Рассказала про свою находку, оставленную подле мертвого трупа, и про задание, данное капитан-исправнику.
– Однако ж большой надежды на Кляксина у меня нет. А и не станут с ним мужики-бабы откровенничать, он для них чужой и страшный. Потому наведайся-ка ты, Платон Иванович, к соседским старостам, ты их всех знаешь. Пусть порасспрашивают своих, не видал кто вчера чужого человека в городской иль господской одежде.
Напоследок Катина пообещала еще раз – не столько слушателям, сколько самой себе:
– Есть-спать не буду, а Палашиного убийцу найду.
Спустившись с крыльца, Полина Афанасьевна пошла не к коновязи, где переступал копытами заскучавший каурый, а повернула за угол – еще раз, снаружи, посмотреть на странно качнувшееся окно.
И, конечно, сидела там на скамейке некая востроносая особа. Уже не пряталась.
– За мной увязалась, – укоризненно сказала Катина. – Подслушивала. Как от лошади-то не отстала? Вприпрыжку что ли неслась? Хороша барышня. То-то деревенских потешила.

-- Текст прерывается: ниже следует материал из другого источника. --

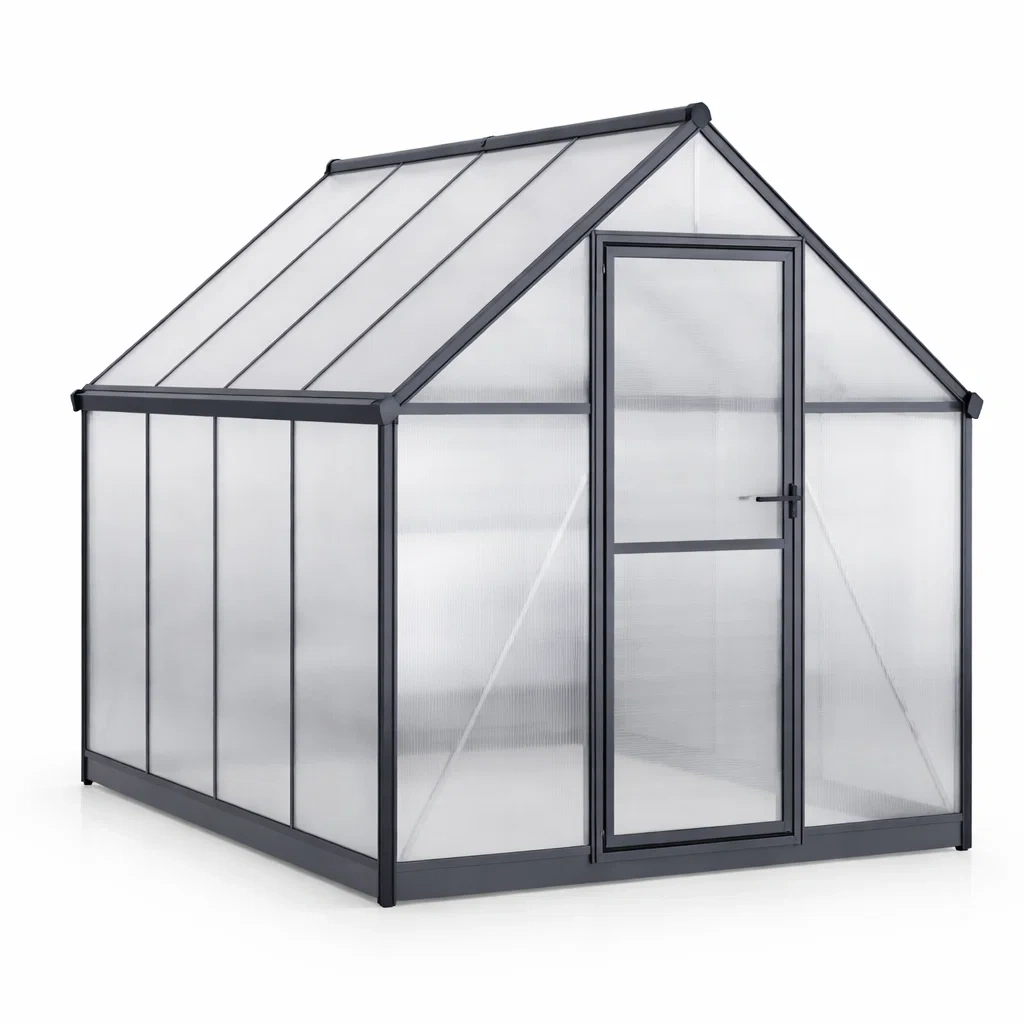 Questa serra è realizzata con una struttura in alluminio e pannelli in policarbonato trasparente. La porta è a battente e il tetto a spiovente offre resistenza alle intemperie. Include una finestra di ventilazione per il controllo della temperatura interna.

Востроносую особу звали Александрой, Сашенькой. Полине Афанасьевне она приходилась внучкой.
Некоторое время назад случился один разговор меж помещицей и попадьей, памятный. Виринея была единственный на свете человек, с кем Катина иногда откровенничала.

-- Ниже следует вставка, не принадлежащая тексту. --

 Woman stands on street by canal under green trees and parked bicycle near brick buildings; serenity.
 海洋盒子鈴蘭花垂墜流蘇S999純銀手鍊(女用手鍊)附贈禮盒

С чего началось, уж не упомнить, но повернуло на жизнь и любовь. Полина Афанасьевна сказала, что это одно. Если кого любишь, то живешь. Не любишь – душа будто мертвая. Когда погиб муж, казалось, что жизнь кончена, в двадцать четыре года. Но у души открылась вторая половина – сын, и всё началось сызнова, хоть по-другому. В пятьдесят лет лишилась и сына. Думала, ныне точно всему конец, усохла и вторая половина души. Но произошло то, чего в природе не бывает: с внучкой Сашей в душе обнаружилась третья половина.
Попадья таким словам не удивилась, а сказала как о само собой разумеющемся:
– Будет жизнь, сыщется и любовь. Если, конечно, ты человек, а не солома.
– Ты своего Мирокля тоже так любишь? – удивилась Катина.
– А как такого не любить? – еще больше поразилась попадья.
В душу к Полине Афанасьевне внучка проникла не сразу. Пока жил сын, Катина ею почти что и не интересовалась. Но отправляясь на свою клятую войну, Ростислав сказал: «Ежели я не вернусь, очень прошу вас, маменька, заберите дочь к себе. Пускай она вырастет с вами». Знал тогда уже цену своей жене-пустельге.
Нельзя было такую просьбу не исполнить.
Свою невестку Полина Афанасьевна сразу невзлюбила. Во-первых, потому что место для любви у нее в душе было только для кого-то одного, а во-вторых, любить Эмилию было не за что. Праздноголовая, пустосердечная, бездельная кукла. Все деньги, сколько к ней попадало, тратила на глупости. На эту удочку, денежную, Катина ее в Вымиралово из Москвы и выудила, когда дура просадила-растратила все оставшиеся после мужа средства. Полугода на то не понадобилось. Полина Афанасьевна поселила невестку в доме и провела хладнокровную комбинацию. Пригласила архитектора – якобы строить оранжерею, хоть глупая стеклянная затейность в хозяйстве ни за чем не требовалась. Зато архитектор был картинка – напомаженный, завитой щеголь, что ни день в новых сюртучках и галстухах. Дура Эмилия, конечно, в него сразу втрескалась. Архитектору, поповскому сыну, было лестно – как же, столбовая дворянка. Некоторое время любовники таились, страшась хозяйки. Потом она их застигла на месте прелюбодеяния и предъявила невестке ультиматум: живи как хочешь и с кем хочешь, выделю тебе московский дом и десять тысяч, но дочь оставь мне и более никогда к нам не показывайся. Два раза предлагать не пришлось, только Эмилию и видели. Двенадцать лет с тех пор миновало, ни разу не объявлялась, и где она теперь, Катина не ведала, а Сашенька про матерь-кукушку даже и не спрашивала.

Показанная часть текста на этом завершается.